Aashwin Mishra SLAC National Accelerator Laboratory, Menlo Park, CA 94025, USA Nicholas Brennan SLAC National Accelerator Laboratory, Menlo Park, CA 94025, USA Tianyu Huang SLAC National Accelerator Laboratory, Menlo Park, CA 94025, USA Jason Jaquith SLAC National Accelerator Laboratory, Menlo Park, CA 94025, USA Hasan Yavaş SLAC National Accelerator Laboratory, Menlo Park, CA 94025, USA Matthew Seaberg SLAC National Accelerator Laboratory, Menlo Park, CA 94025, USA

Abstract

The hard X-ray instruments at the Linac Coherent Light Source are in the design phase for upgrades that will take full advantage of the high repetition rates that will become available with LCLS-II-HE. The current X-ray Correlation Spectroscopy instrument will be converted to the Dynamic X-ray Scattering instrument, and will feature a meV-scale high-resolution monochromator at its front end with unprecedented coherent flux. With the new capability come many engineering and design challenges, not least of which is the sensitivity to long-term drift of the optics. With this in mind, we have estimated the system tolerance to angular drift and vibration for all the relevant optics ( $\sim$ 10 components) in terms of how the central energy out of the monochromator will be affected to inform the mechanical design. Additionally, we have started planning for methods to correct for such drifts using available (both invasive and non-invasive) X-ray beam diagnostics. In simulations, we have demonstrated the ability of trained Machine Learning models to correct misalignments to maintain the desired central energy and optical axis within the necessary tolerances. Additionally, we exhibit the use of Bayesian Optimization to minimize the impact of thermal deformations of crystals as well as beam alignment from scratch. The initial results are very promising and efforts to further extend this work are ongoing.

keywords:

Linac Coherent Light Source, X-ray beam diagnostics, Machine Learning, Bayesian Optimization

1 INTRODUCTION

The Linac Coherent Light Source (LCLS), the first hard X-ray free electron laser in the world, has recently completed the LCLS-II upgrade and is ready to be turned on to deliver high repetition rate at soft X-ray energies. The LCLS-II-HE project is currently in the design phase and will extend LCLS-II to hard X-ray energies, eventually reaching 20 keV. With LCLS-II-HE, we have an opportunity to make measurements that are orders of magnitude more sensitive than what can be made currently at LCLS. This can take many shapes and forms, including high-resolution spectroscopic measurements at the upcoming Dynamic X-ray Scattering (DXS) instrument, all the way to imaging operando systems with high resolution by taking advantage of the unprecedented coherent flux[1].

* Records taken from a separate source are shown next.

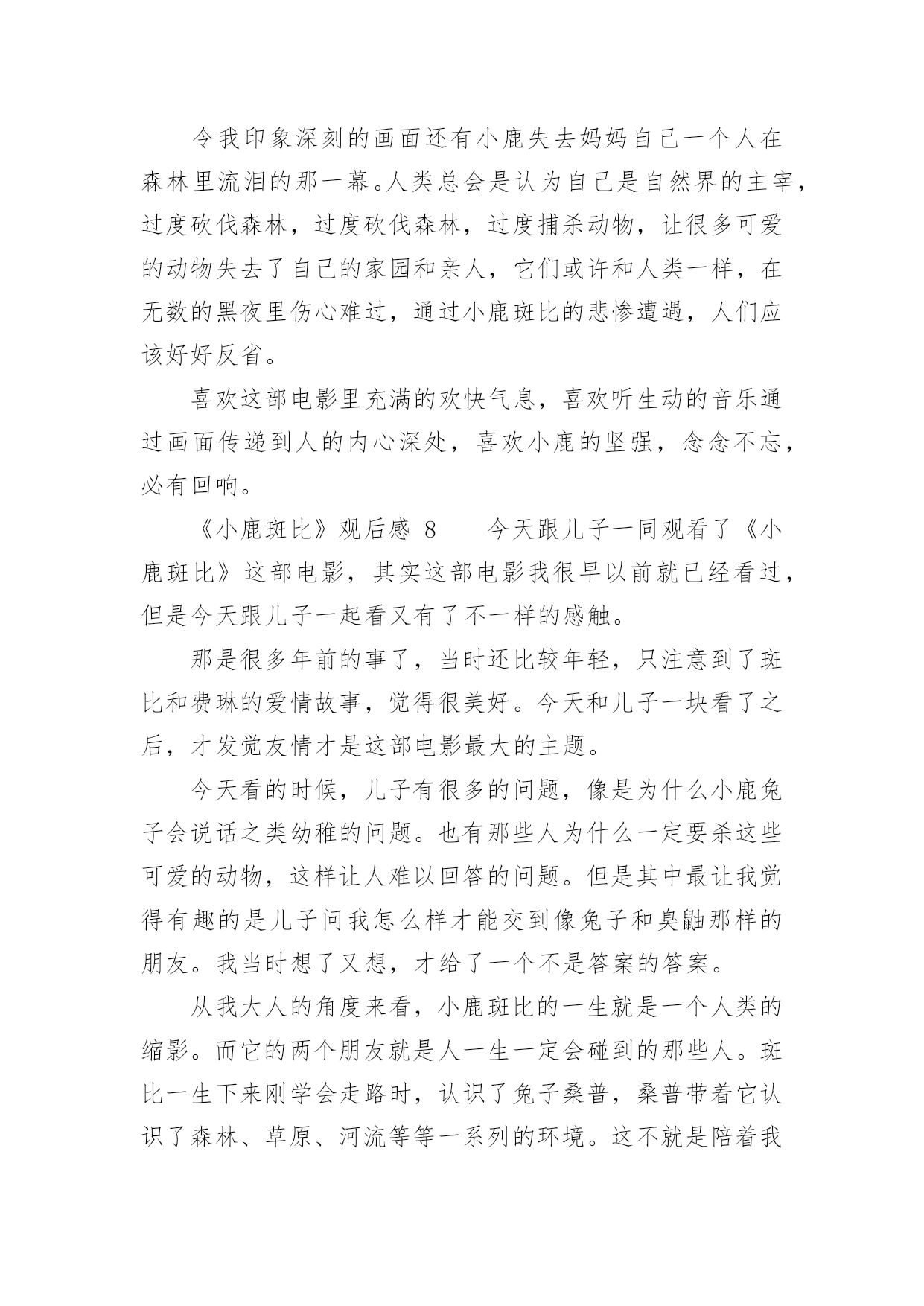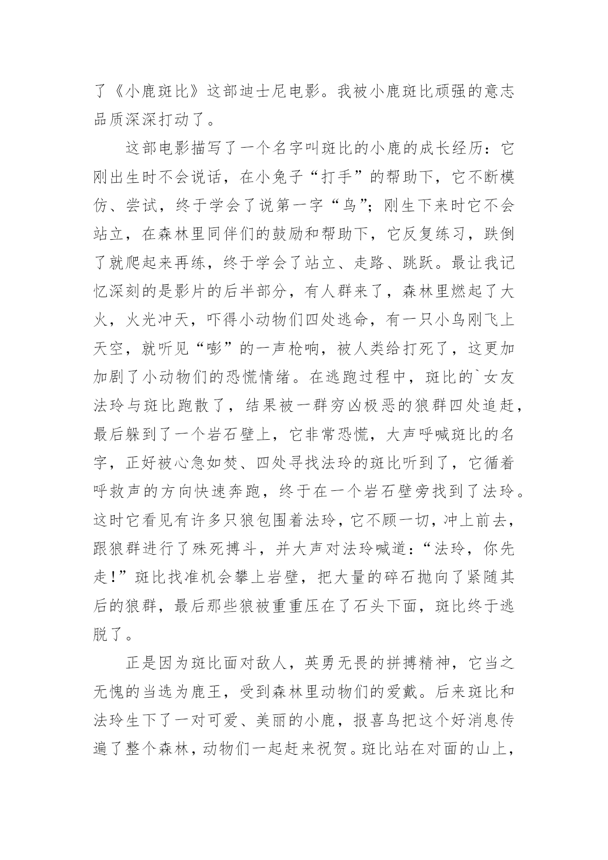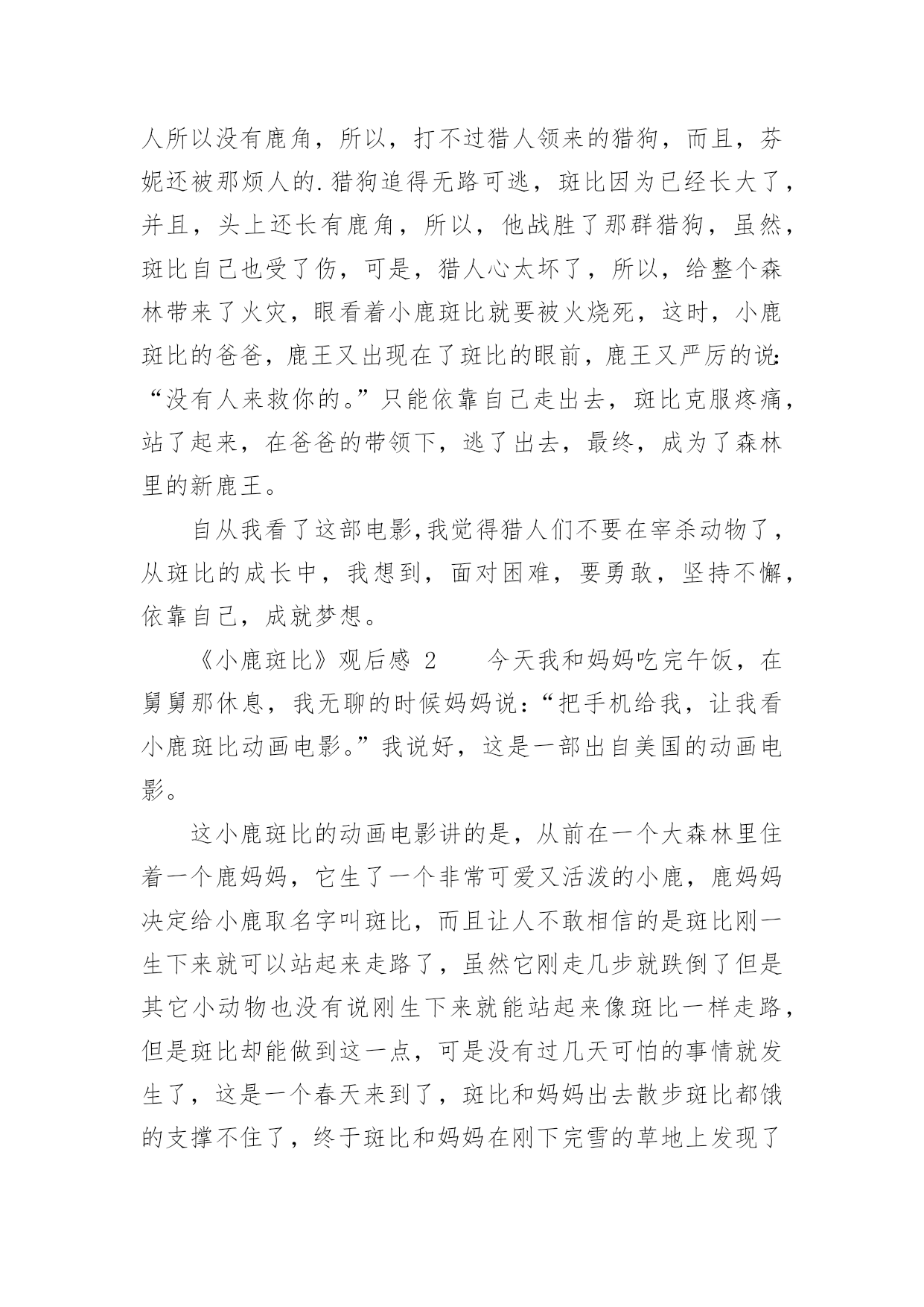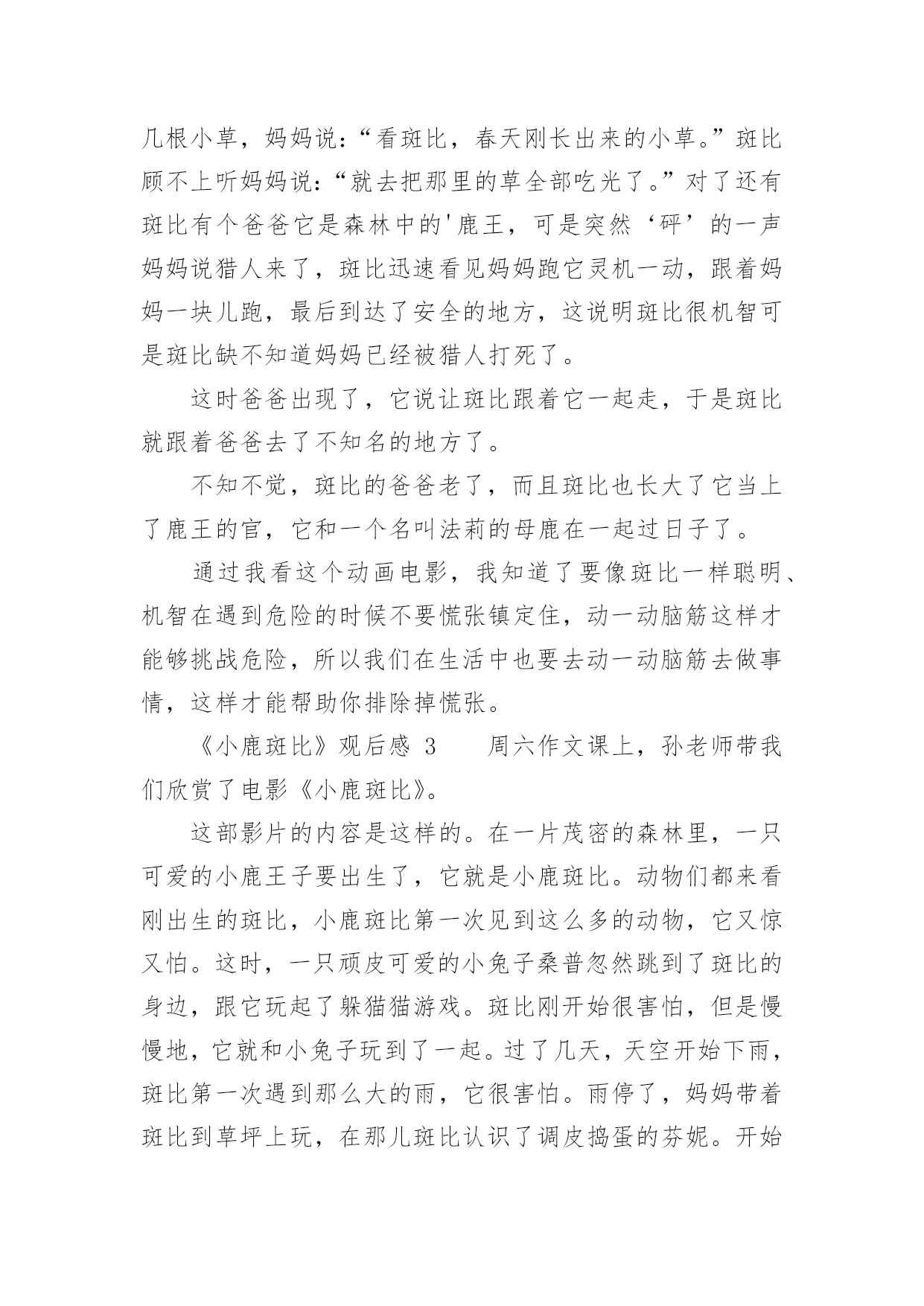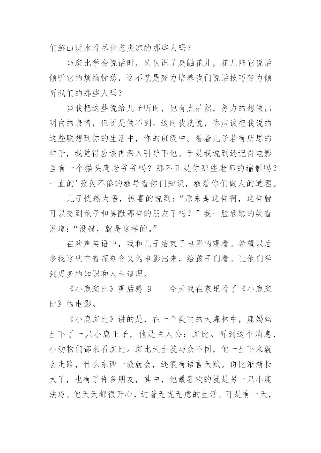 《小鹿斑比》观后感《小鹿斑比》观后感(通用16篇)当看完一部作品后,相信你会有不少感想吧,这时候最关键的观后感不能忘了。那么我们如何去写观后感呢?以下是小编为大家整理的《小鹿斑比》观后感,仅供参考,大家一起来看看吧。《小鹿斑比》观后感1小鹿斑比是一个非常有趣的电影,他呢是奥地利的费利克斯;萨尔腾这位大作家写的这个电影,我看了这个电影我觉得他能打动我们每个孩子的心灵。首先呢!小鹿斑比是在一个森林里出生、长大的,而且,别人称他为小王子,而他的爸爸听说:“是最年老的,并且,他的爸爸还很有智慧。”因为,小鹿斑比的爸爸活得时间最长,所以,别人把他称为“鹿王,”因为,鹿王和小鹿斑比的妈妈不在一起生活,所以,只有小鹿斑比的妈妈来照顾小鹿斑比,因为,小鹿斑比现在还小,所以,森林的好多危险的事情,斑比它都不能自己解决,所以,小鹿斑比的妈妈教了她好多好多的本领。可是,在大雪覆盖的一天早晨,斑比的妈妈被猎人重重的打了一枪,所以,不在了,自从这件事发生后,斑比失去了妈妈,在之后的日子里,斑比的爸爸鹿王在他的鼓励下,斑比学会了自己照顾自己,并且,小鹿斑比还自己交了好多朋友,其中有一个温柔的女朋友—他叫芬妮。时间过得不长,森林里的猎人又来了,芬妮因为,是女人所以没有鹿角,所以,打不过猎人领来的猎狗,而且,芬妮还被那烦人的.猎狗追得无路可逃,斑比因为已经长大了,并且,头上还长有鹿角,所以,他战胜了那群猎狗,虽然,斑比自己也受了伤,可是,猎人心太坏了,所以,给整个森林带来了火灾,眼看着小鹿斑比就要被火烧死,这时,小鹿斑比的爸爸,鹿王又出现在了斑比的眼前,鹿王又严厉的说:“没有人来救你的。”只能依靠自己走出去,斑比克服疼痛,站了起来,在爸爸的带领下,逃了出去,最终,成为了森林里的新鹿王。自从我看了这部电影,我觉得猎人们不要在宰杀动物了,从斑比的成长中,我想到,面对困难,要勇敢,坚持不懈,依靠自己,成就梦想。《小鹿斑比》观后感2今天我和妈妈吃完午饭,在舅舅那休息,我无聊的时候妈妈说:“把手机给我,让我看小鹿斑比动画电影。”我说好,这是一部出自美国的动画电影。这小鹿斑比的动画电影讲的是,从前在一个大森林里住着一个鹿妈妈,它生了一个非常可爱又活泼的小鹿,鹿妈妈决定给小鹿取名字叫斑比,而且让人不敢相信的是斑比刚一生下来就可以站起来走路了,虽然它刚走几步就跌倒了但是其它小动物也没有说刚生下来就能站起来像斑比一样走路,但是斑比却能做到这一点,可是没有过几天可怕的事情就发生了,这是一个春天来到了,斑比和妈妈出去散步斑比都饿的支撑不住了,终于斑比和妈妈在刚下完雪的草地上发现了几根小草,妈妈说:“看斑比,春天刚长出来的小草。”斑比顾不上听妈妈说:“就去把那里的草全部吃光了。”对了还有斑比有个爸爸它是森林中的'鹿王,可是突然‘砰’的一声妈妈说猎人来了,斑比迅速看见妈妈跑它灵机一动,跟着妈妈一块儿跑,最后到达了安全的地方,这说明斑比很机智可是斑比缺不知道妈妈已经被猎人打死了。这时爸爸出现了,它说让斑比跟着它一起走,于是斑比就跟着爸爸去了不知名的地方了。不知不觉,斑比的爸爸老了,而且斑比也长大了它当上了鹿王的官,它和一个名叫法莉的母鹿在一起过日子了。通过我看这个动画电影,我知道了要像斑比一样聪明、机智在遇到危险的时候不要慌张镇定住,动一动脑筋这样才能够挑战危险,所以我们在生活中也要去动一动脑筋去做事情,这样才能帮助你排除掉慌张。《小鹿斑比》观后感3周六作文课上,孙老师带我们欣赏了电影《小鹿斑比》。这部影片的内容是这样的。在一片茂密的森林里,一只可爱的小鹿王子要出生了,它就是小鹿斑比。动物们都来看刚出生的斑比,小鹿斑比第一次见到这么多的动物,它又惊又怕。这时,一只顽皮可爱的小兔子桑普忽然跳到了斑比的身边,跟它玩起了躲猫猫游戏。斑比刚开始很害怕,但是慢慢地,它就和小兔子玩到了一起。过了几天,天空开始下雨,斑比第一次遇到那么大的雨,它很害怕。雨停了,妈妈带着斑比到草坪上玩,在那儿斑比认识了调皮捣蛋的芬妮。开始两个人玩得很不开心,慢慢地就玩了起来。可是开心的日子总是很短暂。有一天,天空中下起了雪,原来冬天已经来临了,斑比不知雪是什么东西,它只觉得在雪地上玩的很开心,可是它不知道危险在慢慢地逼近。猎人跟踪着斑比的`脚印发现了它和妈妈的洞穴,妈妈连忙跑出洞穴叫斑比跑进草丛里,不要管自己,斑比听到妈妈的呼喊声赶紧跑进了草丛。这时只听“砰”地一声枪响,鹿妈妈被击中倒了下去。小鹿从此失去了妈妈。没有了妈妈的照顾,斑比一天天变得坚强起来,并和芬妮相爱了,不久它们就生了两只可爱的小宝宝,斑比的勇敢打动了鹿王,鹿王把这个王位让给斑比,斑比就这样成了新一代鹿王。我很喜欢这部影片,在这个故事里让我印象深刻的几个人物有:调皮、主动的芬妮,为了不让斑比受到伤害而伟大牺牲的妈妈,可爱的小兔子桑普,还有让大家敬重、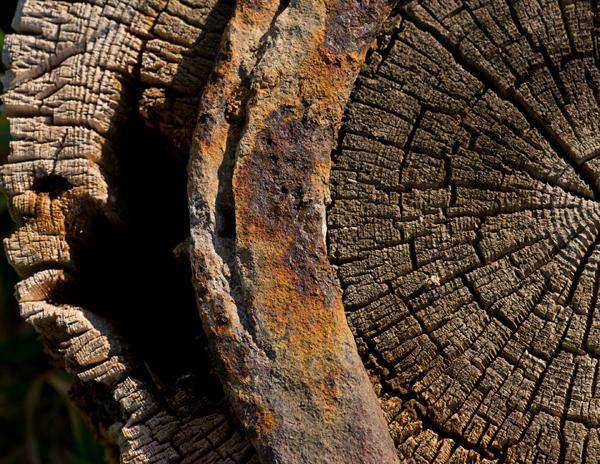 Rusted horse shoe on stump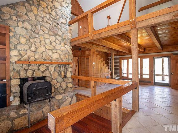 One-of-a-kind opportunity with log home handcrafted from reclaimed timbers, stone and brick original to the area. This unique home and fabulous location offer the best of both worlds. Enjoy both the quiet relaxing feeling of being in the country and the conveniences of excellent shopping with an easy commute to RTP. Surrounded by generous porches from which you can enjoy the 1.61 acre wooded lot that will make you feel like you have found a remote refuge. Large Detatched workshop is a handyman's dream.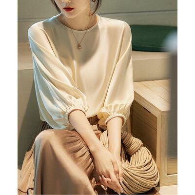 サテン素材の上品な1枚が、あなたのワードローブに華やかさを加えます。とろみ感があり、軽やかで涼しげな印象を与えるこのブラウスは、春から秋まで長いシーズンで活躍すること間違いなし!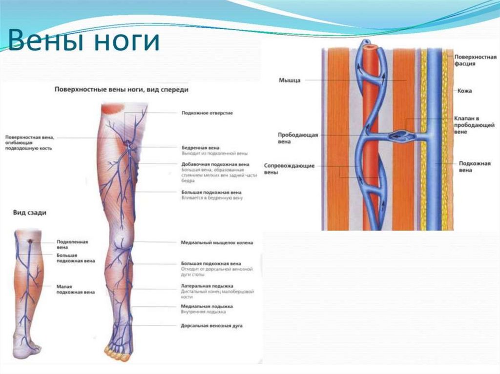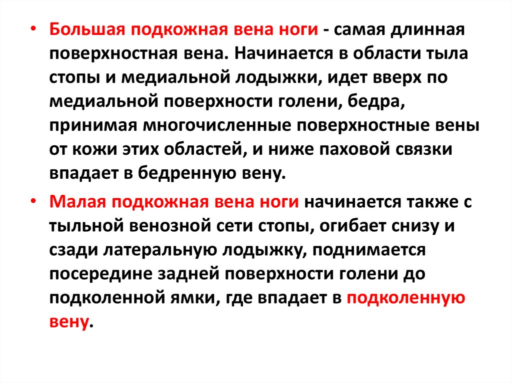 • Большая подкожная вена ноги - самая длиннаяповерхностная вена. Начинается в области тыла

All of these new directions rely on sensitive (and sometimes complex) optical systems that are often spread over many meters and must be aligned properly and efficiently. Furthermore, in order to ensure successful experiments the proper alignment must be maintained within a tight tolerance over the course of hours to days. These are tasks that are increasingly challenging for a human expert to perform without help. Here, we present first steps towards the use of Machine Learning (ML) methods for the alignment and drift correction of a model x-ray optical system. The system chosen for the study is a novel hard X-ray high-resolution monochromator (HRM), designed to preserve the bandwidth-limited XFEL pulse duration. The system is based on the zero dispersion stretcher concept developed for ultrafast lasers, the details of which will be the subject of a forthcoming article and not described here. As the system currently only exists at the conceptual level, all of the results presented in the following sections are based on wave optics simulations rather than physical experiments.

For the purposes of this manuscript, this monochromator design provides a case study of a system with many degrees of freedom and X-ray beam diagnostics, with a photon energy output that is strongly sensitive (relative to the desired $\sim$ meV resolution) to misalignments of a number of the relevant degrees of freedom. Furthermore, with the LCLS-II-HE upgrade, the anticipated increase in repetition rate is expected to eventually produce $>$ 100W of average power, meaning that in some cases individual optics (crystals, mirrors, etc) can absorb 10’s of Watts of beam power. This will result in thermal deformation of the optical surface that may have a sizable impact on the XFEL wavefront, thus impacting the beam focusing quality which in turn will degrade the monochromator resolution[2]. All of these effects can be simulated, the results of which can be used to influence the design of the system, as well as to inform and test mitigation strategies such as those described here.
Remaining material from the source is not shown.